* Data provided *
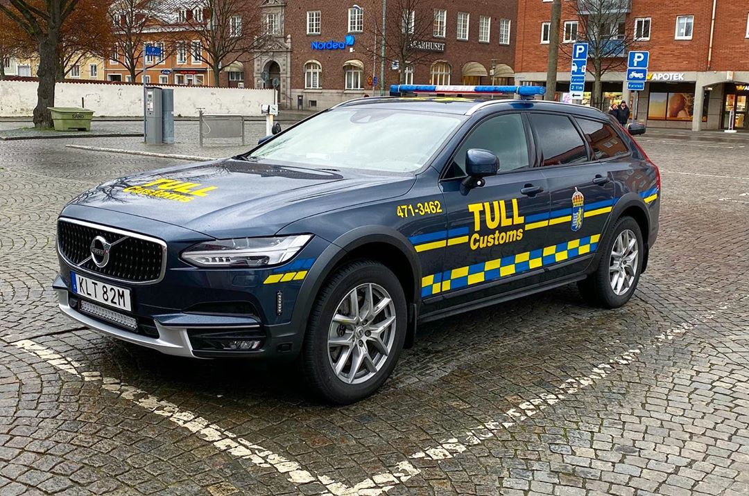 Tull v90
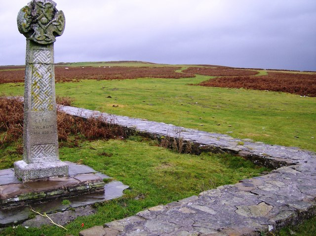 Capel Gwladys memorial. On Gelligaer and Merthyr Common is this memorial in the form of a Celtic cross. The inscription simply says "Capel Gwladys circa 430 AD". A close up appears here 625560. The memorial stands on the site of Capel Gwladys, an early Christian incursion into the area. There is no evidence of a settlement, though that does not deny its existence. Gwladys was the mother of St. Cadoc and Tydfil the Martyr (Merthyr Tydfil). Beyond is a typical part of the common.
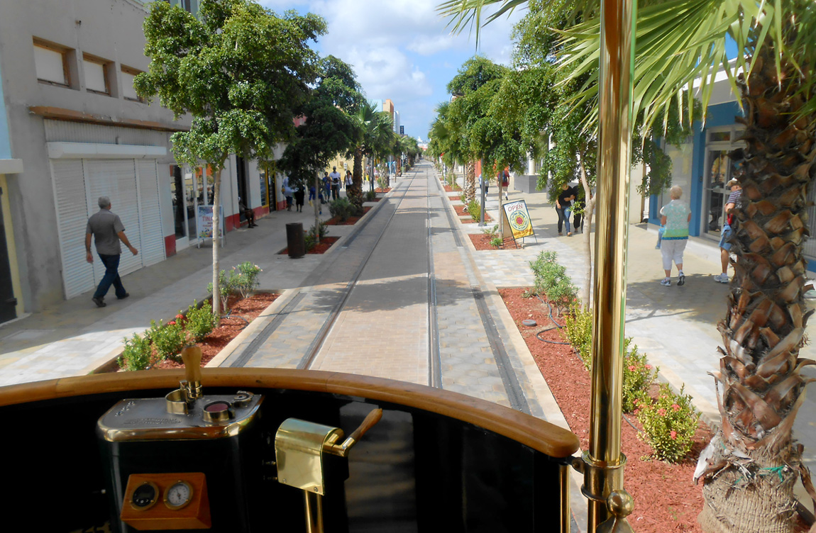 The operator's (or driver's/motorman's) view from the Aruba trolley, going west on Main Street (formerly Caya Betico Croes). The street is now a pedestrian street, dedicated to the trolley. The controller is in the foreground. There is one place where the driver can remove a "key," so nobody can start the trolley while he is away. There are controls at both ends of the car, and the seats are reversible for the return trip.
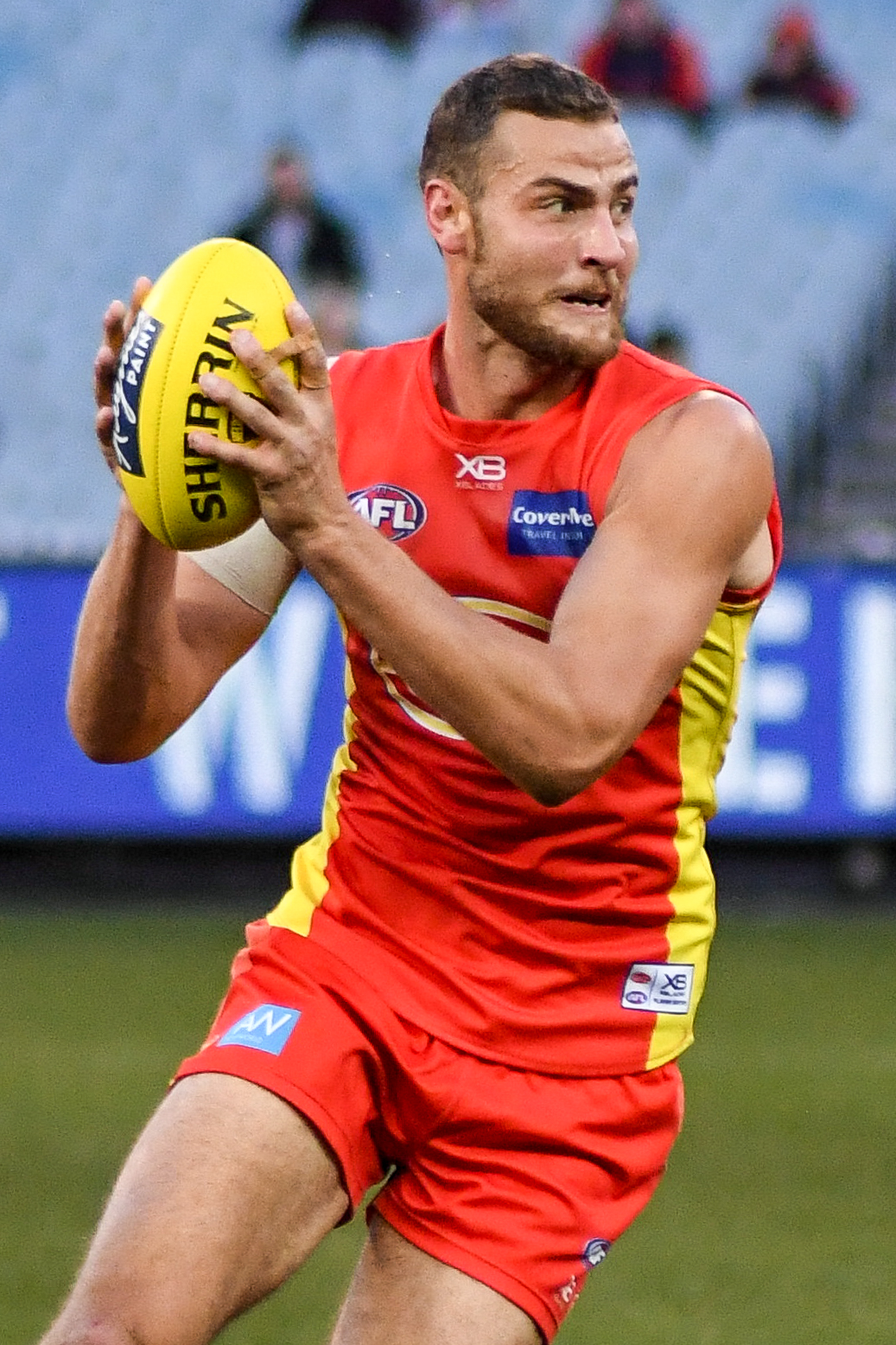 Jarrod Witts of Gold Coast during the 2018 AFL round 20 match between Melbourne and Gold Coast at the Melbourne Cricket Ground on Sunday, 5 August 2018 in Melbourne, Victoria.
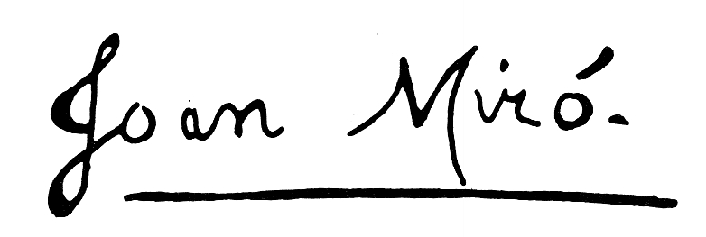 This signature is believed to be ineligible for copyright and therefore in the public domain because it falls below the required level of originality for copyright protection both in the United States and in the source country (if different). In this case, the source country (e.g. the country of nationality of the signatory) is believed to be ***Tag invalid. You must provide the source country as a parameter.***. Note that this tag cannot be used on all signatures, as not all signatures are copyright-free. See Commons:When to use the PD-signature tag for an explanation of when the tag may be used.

* Problem description *
The lines needed are those from the one containing "Jarrod Witts of" through the end of the listing, given again word for word and without any picture.

* Solution for this exercise *
 Jarrod Witts of Gold Coast during the 2018 AFL round 20 match between Melbourne and Gold Coast at the Melbourne Cricket Ground on Sunday, 5 August 2018 in Melbourne, Victoria.
 This signature is believed to be ineligible for copyright and therefore in the public domain because it falls below the required level of originality for copyright protection both in the United States and in the source country (if different). In this case, the source country (e.g. the country of nationality of the signatory) is believed to be ***Tag invalid. You must provide the source country as a parameter.***. Note that this tag cannot be used on all signatures, as not all signatures are copyright-free. See Commons:When to use the PD-signature tag for an explanation of when the tag may be used.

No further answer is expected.